■ **WHAT TO WORK ON**
Copy nothing but the lines below, from the one with "将Beautifi l Flow" through the one with "The E-form of", exactly as written; no pictures should appear.

■ **MATERIALS PROVIDED**
********

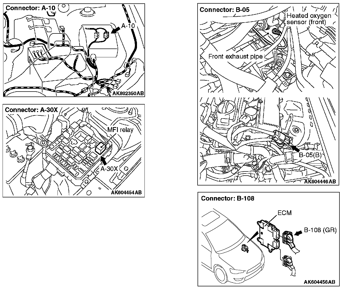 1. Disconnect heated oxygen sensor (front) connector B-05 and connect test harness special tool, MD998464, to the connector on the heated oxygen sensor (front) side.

********

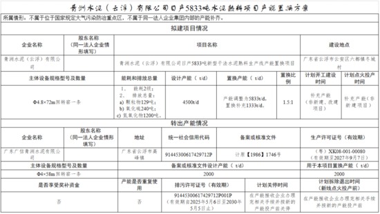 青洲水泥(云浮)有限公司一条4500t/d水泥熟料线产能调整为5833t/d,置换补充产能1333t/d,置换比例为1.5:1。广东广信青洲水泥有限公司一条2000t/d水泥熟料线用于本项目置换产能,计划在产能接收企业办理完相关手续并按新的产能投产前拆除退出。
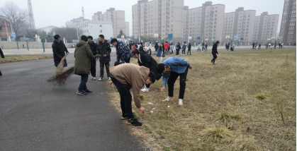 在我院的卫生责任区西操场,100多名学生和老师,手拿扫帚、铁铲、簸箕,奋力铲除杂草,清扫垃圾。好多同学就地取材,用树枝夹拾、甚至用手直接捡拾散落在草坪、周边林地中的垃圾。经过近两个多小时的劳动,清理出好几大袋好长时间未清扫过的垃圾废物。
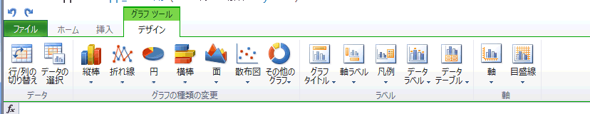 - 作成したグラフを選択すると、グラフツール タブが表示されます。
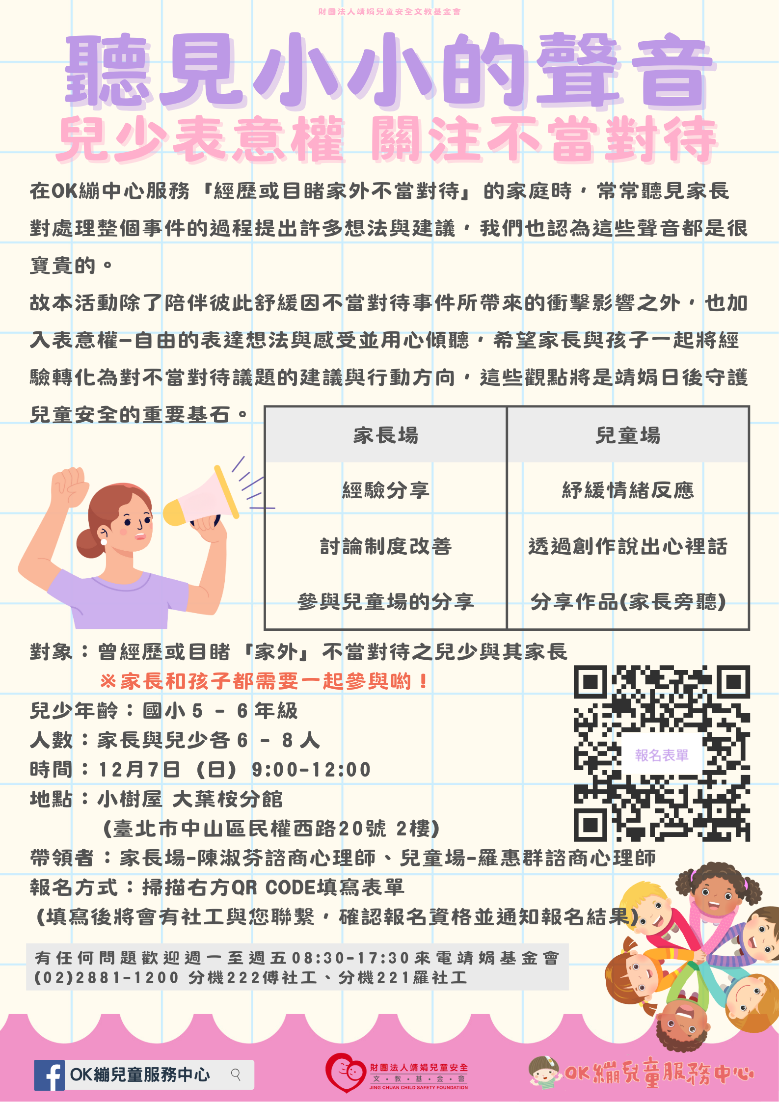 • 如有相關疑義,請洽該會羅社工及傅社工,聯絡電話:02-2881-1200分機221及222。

********

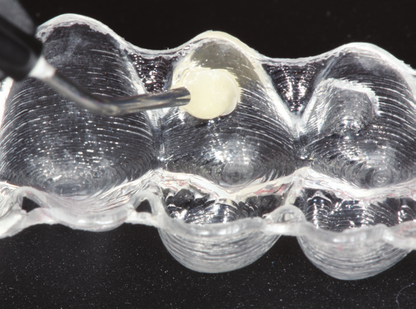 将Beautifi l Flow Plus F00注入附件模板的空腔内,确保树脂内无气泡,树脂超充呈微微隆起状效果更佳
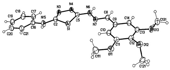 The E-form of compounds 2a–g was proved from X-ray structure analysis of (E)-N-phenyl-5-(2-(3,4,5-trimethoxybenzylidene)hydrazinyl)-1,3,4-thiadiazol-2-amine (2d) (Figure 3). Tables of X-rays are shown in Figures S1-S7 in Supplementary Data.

********

■ **ANSWER BOX**
 将Beautifi l Flow Plus F00注入附件模板的空腔内,确保树脂内无气泡,树脂超充呈微微隆起状效果更佳
 The E-form of compounds 2a–g was proved from X-ray structure analysis of (E)-N-phenyl-5-(2-(3,4,5-trimethoxybenzylidene)hydrazinyl)-1,3,4-thiadiazol-2-amine (2d) (Figure 3). Tables of X-rays are shown in Figures S1-S7 in Supplementary Data.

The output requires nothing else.